▸ MATERIALS PROVIDED
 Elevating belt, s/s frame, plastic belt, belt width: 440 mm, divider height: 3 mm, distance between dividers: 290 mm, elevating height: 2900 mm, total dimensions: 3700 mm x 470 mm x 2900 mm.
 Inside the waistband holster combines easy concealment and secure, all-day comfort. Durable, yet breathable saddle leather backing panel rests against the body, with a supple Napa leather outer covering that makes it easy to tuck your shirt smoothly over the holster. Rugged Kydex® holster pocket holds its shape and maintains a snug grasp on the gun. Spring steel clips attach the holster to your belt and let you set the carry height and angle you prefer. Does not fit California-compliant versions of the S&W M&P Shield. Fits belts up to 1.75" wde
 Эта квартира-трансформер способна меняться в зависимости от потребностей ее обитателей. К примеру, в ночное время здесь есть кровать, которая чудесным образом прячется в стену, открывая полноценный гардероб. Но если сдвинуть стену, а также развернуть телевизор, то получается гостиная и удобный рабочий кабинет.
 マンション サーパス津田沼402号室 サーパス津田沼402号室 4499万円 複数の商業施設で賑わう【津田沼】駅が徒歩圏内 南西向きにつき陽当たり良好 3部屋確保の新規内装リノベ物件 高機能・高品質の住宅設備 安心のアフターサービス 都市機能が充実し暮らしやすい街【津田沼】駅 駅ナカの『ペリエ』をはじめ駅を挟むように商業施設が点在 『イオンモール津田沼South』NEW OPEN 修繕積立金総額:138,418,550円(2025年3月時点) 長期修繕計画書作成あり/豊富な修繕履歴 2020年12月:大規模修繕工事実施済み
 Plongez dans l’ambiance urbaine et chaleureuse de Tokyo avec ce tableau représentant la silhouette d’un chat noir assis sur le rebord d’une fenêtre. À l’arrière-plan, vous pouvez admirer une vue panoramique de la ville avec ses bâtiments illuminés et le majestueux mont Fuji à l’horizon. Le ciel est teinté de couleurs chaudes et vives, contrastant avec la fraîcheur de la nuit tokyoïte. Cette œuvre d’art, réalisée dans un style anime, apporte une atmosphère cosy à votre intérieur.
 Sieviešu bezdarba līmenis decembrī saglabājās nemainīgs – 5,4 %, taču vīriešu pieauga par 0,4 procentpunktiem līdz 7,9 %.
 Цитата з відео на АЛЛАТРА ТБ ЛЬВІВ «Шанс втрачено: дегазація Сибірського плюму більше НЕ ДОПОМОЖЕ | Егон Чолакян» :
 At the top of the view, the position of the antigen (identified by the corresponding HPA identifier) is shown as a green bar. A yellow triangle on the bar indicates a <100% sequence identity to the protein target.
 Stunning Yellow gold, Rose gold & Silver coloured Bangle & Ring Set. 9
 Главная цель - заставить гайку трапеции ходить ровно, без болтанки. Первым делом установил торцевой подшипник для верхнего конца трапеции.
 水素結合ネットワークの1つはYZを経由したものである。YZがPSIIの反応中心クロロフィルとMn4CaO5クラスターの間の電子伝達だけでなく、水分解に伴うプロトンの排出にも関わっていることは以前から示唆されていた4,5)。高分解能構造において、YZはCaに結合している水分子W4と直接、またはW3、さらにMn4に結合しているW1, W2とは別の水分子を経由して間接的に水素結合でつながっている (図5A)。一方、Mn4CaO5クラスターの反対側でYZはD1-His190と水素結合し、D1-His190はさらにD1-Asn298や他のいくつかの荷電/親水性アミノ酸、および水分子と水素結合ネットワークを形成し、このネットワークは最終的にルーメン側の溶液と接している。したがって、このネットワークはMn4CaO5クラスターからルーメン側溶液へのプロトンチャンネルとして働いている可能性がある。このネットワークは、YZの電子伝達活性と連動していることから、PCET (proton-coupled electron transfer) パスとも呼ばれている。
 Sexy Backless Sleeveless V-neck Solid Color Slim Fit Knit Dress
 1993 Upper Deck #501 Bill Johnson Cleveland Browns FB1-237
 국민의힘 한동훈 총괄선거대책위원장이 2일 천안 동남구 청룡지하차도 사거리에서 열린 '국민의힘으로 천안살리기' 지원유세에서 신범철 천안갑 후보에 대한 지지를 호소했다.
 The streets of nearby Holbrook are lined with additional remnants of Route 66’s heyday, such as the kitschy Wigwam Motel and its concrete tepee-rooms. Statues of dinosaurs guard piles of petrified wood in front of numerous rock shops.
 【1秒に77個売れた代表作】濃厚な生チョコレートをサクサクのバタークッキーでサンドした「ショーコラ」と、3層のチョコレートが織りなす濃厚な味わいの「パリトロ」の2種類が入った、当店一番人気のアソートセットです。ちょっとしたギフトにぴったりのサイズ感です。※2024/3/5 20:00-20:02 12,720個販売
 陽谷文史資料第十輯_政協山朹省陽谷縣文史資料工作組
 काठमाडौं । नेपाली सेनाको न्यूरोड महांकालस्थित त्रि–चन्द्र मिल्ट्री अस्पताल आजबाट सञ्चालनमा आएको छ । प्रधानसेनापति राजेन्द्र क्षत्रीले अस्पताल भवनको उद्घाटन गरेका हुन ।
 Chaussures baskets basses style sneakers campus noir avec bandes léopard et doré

▸ INSTRUCTIONS TO FOLLOW
An unaltered copy of the listing above must form the answer.

▸ RESPONSE BOX
 Elevating belt, s/s frame, plastic belt, belt width: 440 mm, divider height: 3 mm, distance between dividers: 290 mm, elevating height: 2900 mm, total dimensions: 3700 mm x 470 mm x 2900 mm.
 Inside the waistband holster combines easy concealment and secure, all-day comfort. Durable, yet breathable saddle leather backing panel rests against the body, with a supple Napa leather outer covering that makes it easy to tuck your shirt smoothly over the holster. Rugged Kydex® holster pocket holds its shape and maintains a snug grasp on the gun. Spring steel clips attach the holster to your belt and let you set the carry height and angle you prefer. Does not fit California-compliant versions of the S&W M&P Shield. Fits belts up to 1.75" wde
 Эта квартира-трансформер способна меняться в зависимости от потребностей ее обитателей. К примеру, в ночное время здесь есть кровать, которая чудесным образом прячется в стену, открывая полноценный гардероб. Но если сдвинуть стену, а также развернуть телевизор, то получается гостиная и удобный рабочий кабинет.
 マンション サーパス津田沼402号室 サーパス津田沼402号室 4499万円 複数の商業施設で賑わう【津田沼】駅が徒歩圏内 南西向きにつき陽当たり良好 3部屋確保の新規内装リノベ物件 高機能・高品質の住宅設備 安心のアフターサービス 都市機能が充実し暮らしやすい街【津田沼】駅 駅ナカの『ペリエ』をはじめ駅を挟むように商業施設が点在 『イオンモール津田沼South』NEW OPEN 修繕積立金総額:138,418,550円(2025年3月時点) 長期修繕計画書作成あり/豊富な修繕履歴 2020年12月:大規模修繕工事実施済み
 Plongez dans l’ambiance urbaine et chaleureuse de Tokyo avec ce tableau représentant la silhouette d’un chat noir assis sur le rebord d’une fenêtre. À l’arrière-plan, vous pouvez admirer une vue panoramique de la ville avec ses bâtiments illuminés et le majestueux mont Fuji à l’horizon. Le ciel est teinté de couleurs chaudes et vives, contrastant avec la fraîcheur de la nuit tokyoïte. Cette œuvre d’art, réalisée dans un style anime, apporte une atmosphère cosy à votre intérieur.
 Sieviešu bezdarba līmenis decembrī saglabājās nemainīgs – 5,4 %, taču vīriešu pieauga par 0,4 procentpunktiem līdz 7,9 %.
 Цитата з відео на АЛЛАТРА ТБ ЛЬВІВ «Шанс втрачено: дегазація Сибірського плюму більше НЕ ДОПОМОЖЕ | Егон Чолакян» :
 At the top of the view, the position of the antigen (identified by the corresponding HPA identifier) is shown as a green bar. A yellow triangle on the bar indicates a <100% sequence identity to the protein target.
 Stunning Yellow gold, Rose gold & Silver coloured Bangle & Ring Set. 9
 Главная цель - заставить гайку трапеции ходить ровно, без болтанки. Первым делом установил торцевой подшипник для верхнего конца трапеции.
 水素結合ネットワークの1つはYZを経由したものである。YZがPSIIの反応中心クロロフィルとMn4CaO5クラスターの間の電子伝達だけでなく、水分解に伴うプロトンの排出にも関わっていることは以前から示唆されていた4,5)。高分解能構造において、YZはCaに結合している水分子W4と直接、またはW3、さらにMn4に結合しているW1, W2とは別の水分子を経由して間接的に水素結合でつながっている (図5A)。一方、Mn4CaO5クラスターの反対側でYZはD1-His190と水素結合し、D1-His190はさらにD1-Asn298や他のいくつかの荷電/親水性アミノ酸、および水分子と水素結合ネットワークを形成し、このネットワークは最終的にルーメン側の溶液と接している。したがって、このネットワークはMn4CaO5クラスターからルーメン側溶液へのプロトンチャンネルとして働いている可能性がある。このネットワークは、YZの電子伝達活性と連動していることから、PCET (proton-coupled electron transfer) パスとも呼ばれている。
 Sexy Backless Sleeveless V-neck Solid Color Slim Fit Knit Dress
 1993 Upper Deck #501 Bill Johnson Cleveland Browns FB1-237
 국민의힘 한동훈 총괄선거대책위원장이 2일 천안 동남구 청룡지하차도 사거리에서 열린 '국민의힘으로 천안살리기' 지원유세에서 신범철 천안갑 후보에 대한 지지를 호소했다.
 The streets of nearby Holbrook are lined with additional remnants of Route 66’s heyday, such as the kitschy Wigwam Motel and its concrete tepee-rooms. Statues of dinosaurs guard piles of petrified wood in front of numerous rock shops.
 【1秒に77個売れた代表作】濃厚な生チョコレートをサクサクのバタークッキーでサンドした「ショーコラ」と、3層のチョコレートが織りなす濃厚な味わいの「パリトロ」の2種類が入った、当店一番人気のアソートセットです。ちょっとしたギフトにぴったりのサイズ感です。※2024/3/5 20:00-20:02 12,720個販売
 陽谷文史資料第十輯_政協山朹省陽谷縣文史資料工作組
 काठमाडौं । नेपाली सेनाको न्यूरोड महांकालस्थित त्रि–चन्द्र मिल्ट्री अस्पताल आजबाट सञ्चालनमा आएको छ । प्रधानसेनापति राजेन्द्र क्षत्रीले अस्पताल भवनको उद्घाटन गरेका हुन ।
 Chaussures baskets basses style sneakers campus noir avec bandes léopard et doré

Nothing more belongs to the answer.